DATA TO USE START
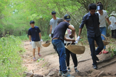 ワーク内容は、朝にコミュニティセンターから滝までの道を修理して
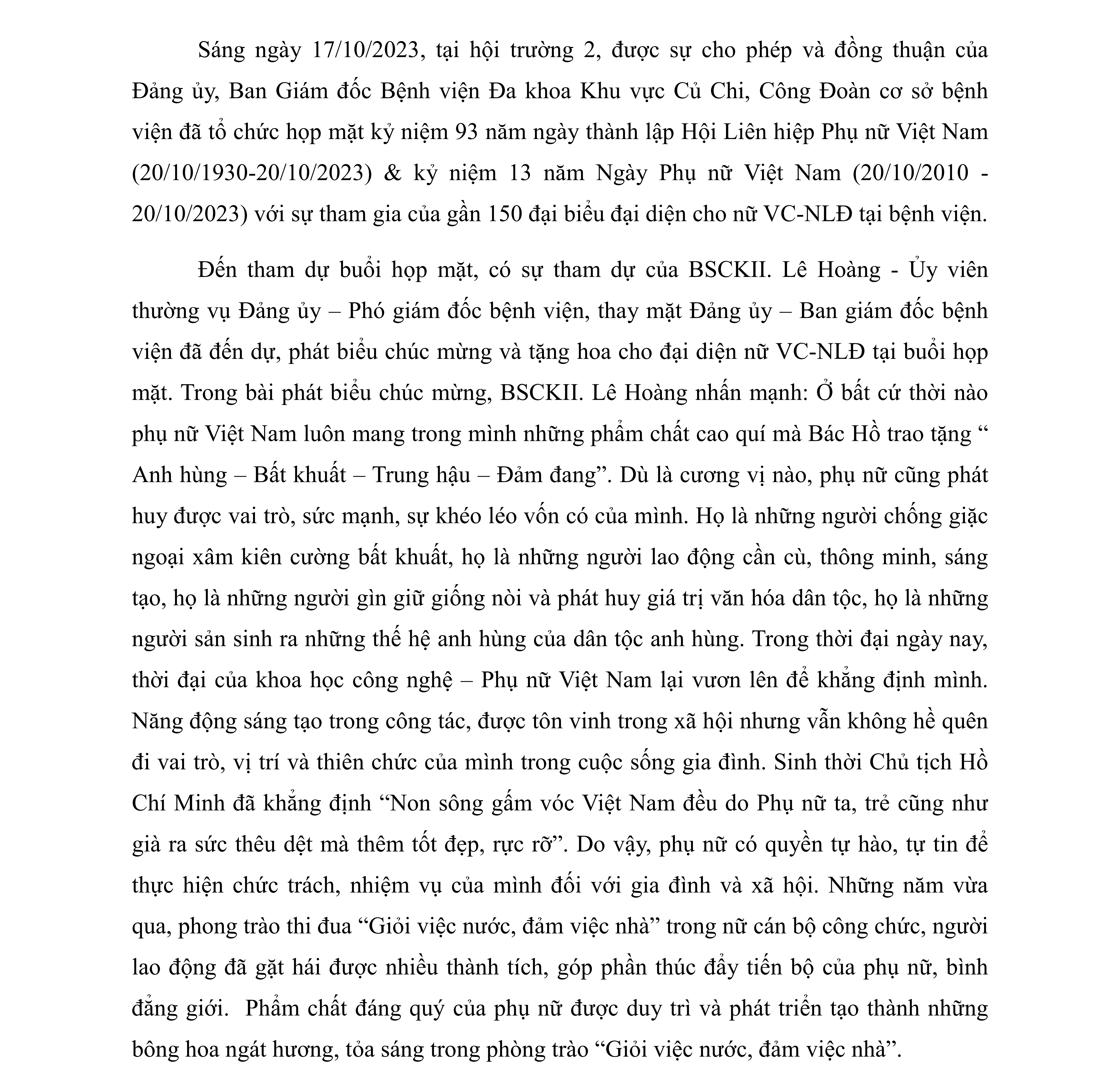 HỌP MẶT KỶ NIỆM 93 NĂM NGÀY THÀNH LẬP HỘI LIÊN HIỆP PHỤ NỮ VIỆT NAM (20/10/1930-20/10/2023) VÀ KỶ NIỆM 13 NĂM NGÀY PHỤ NỮ VIỆT NAM (20/10/2010 – 20/10/2023)
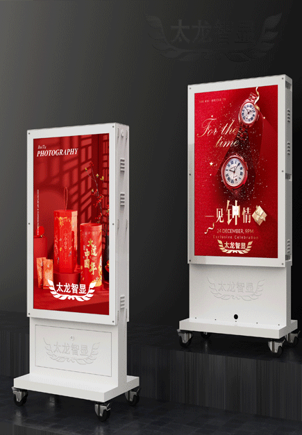 LED廣告機是集互聯網、物聯網、遠程交互等功能的戶外終端設備,具備亮度高、高顯色系數、自帶溫感裝置能自動調節亮度等特點的視頻播放裝置;且外觀靚麗輕盈,設置了可移動推拉輪,方便移動;結構簡單且為落地式一體機設計,方便安裝以及管理。
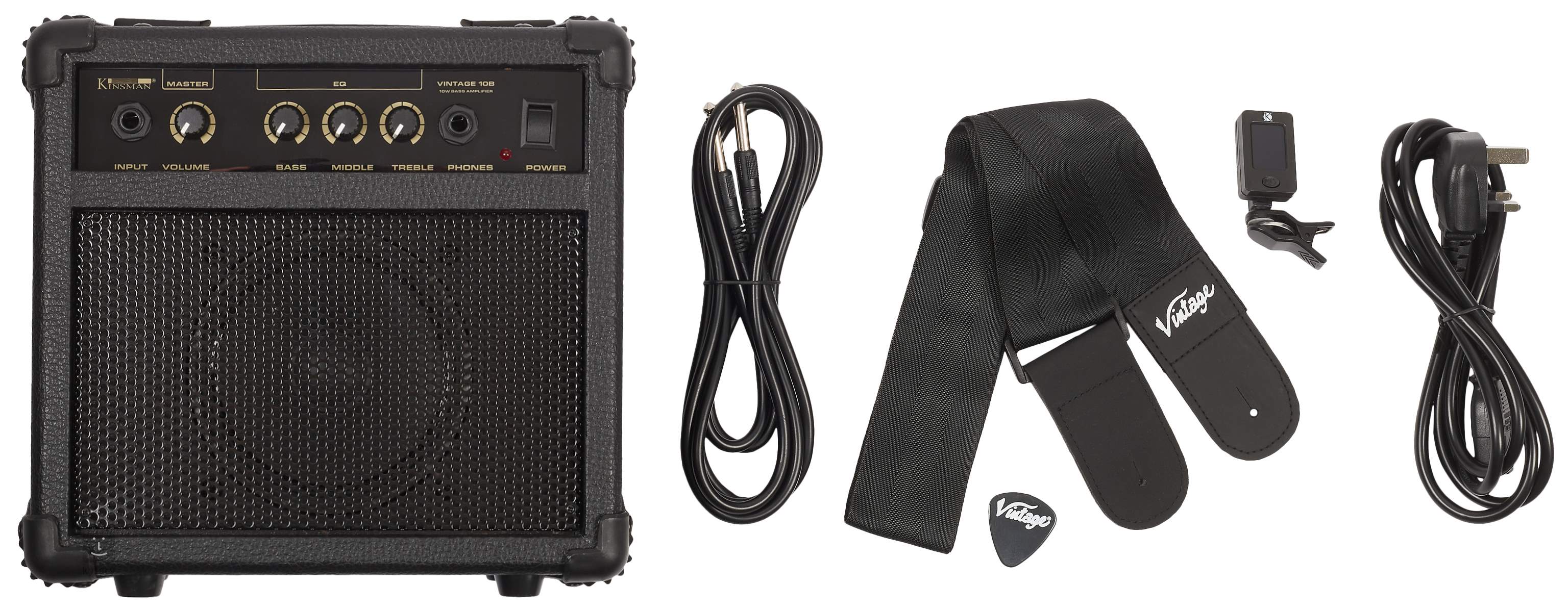 Vintage Coaster V49 je ideální volbou jako první „seriózní“ baskytara pro rockové nadšence, v tomto případě v kompletním balíčku, který muzikant potřebuje k životu. Balíček zahrnuje kromě baskytary i trsátko, popruh, sadu strun, obal, kabel, klipovou ladičku a 10W zesilovač Kinsman s Master Volume a 3-pásmovým EQ, což z něj dělá skvěle vybavenou sadu pro začínající hudebníky každého věku.
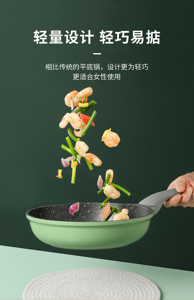 煎烙少油烟 拒绝厨房油烟带来的危害3、锅内无铆钉,污渍无处藏;
DATA TO USE END
EXERCISE PROMPT | Write the data above out again exactly, minus its pictures.

EXERCISE ANSWER |
 ワーク内容は、朝にコミュニティセンターから滝までの道を修理して
 HỌP MẶT KỶ NIỆM 93 NĂM NGÀY THÀNH LẬP HỘI LIÊN HIỆP PHỤ NỮ VIỆT NAM (20/10/1930-20/10/2023) VÀ KỶ NIỆM 13 NĂM NGÀY PHỤ NỮ VIỆT NAM (20/10/2010 – 20/10/2023)
 LED廣告機是集互聯網、物聯網、遠程交互等功能的戶外終端設備,具備亮度高、高顯色系數、自帶溫感裝置能自動調節亮度等特點的視頻播放裝置;且外觀靚麗輕盈,設置了可移動推拉輪,方便移動;結構簡單且為落地式一體機設計,方便安裝以及管理。
 Vintage Coaster V49 je ideální volbou jako první „seriózní“ baskytara pro rockové nadšence, v tomto případě v kompletním balíčku, který muzikant potřebuje k životu. Balíček zahrnuje kromě baskytary i trsátko, popruh, sadu strun, obal, kabel, klipovou ladičku a 10W zesilovač Kinsman s Master Volume a 3-pásmovým EQ, což z něj dělá skvěle vybavenou sadu pro začínající hudebníky každého věku.
 煎烙少油烟 拒绝厨房油烟带来的危害3、锅内无铆钉,污渍无处藏;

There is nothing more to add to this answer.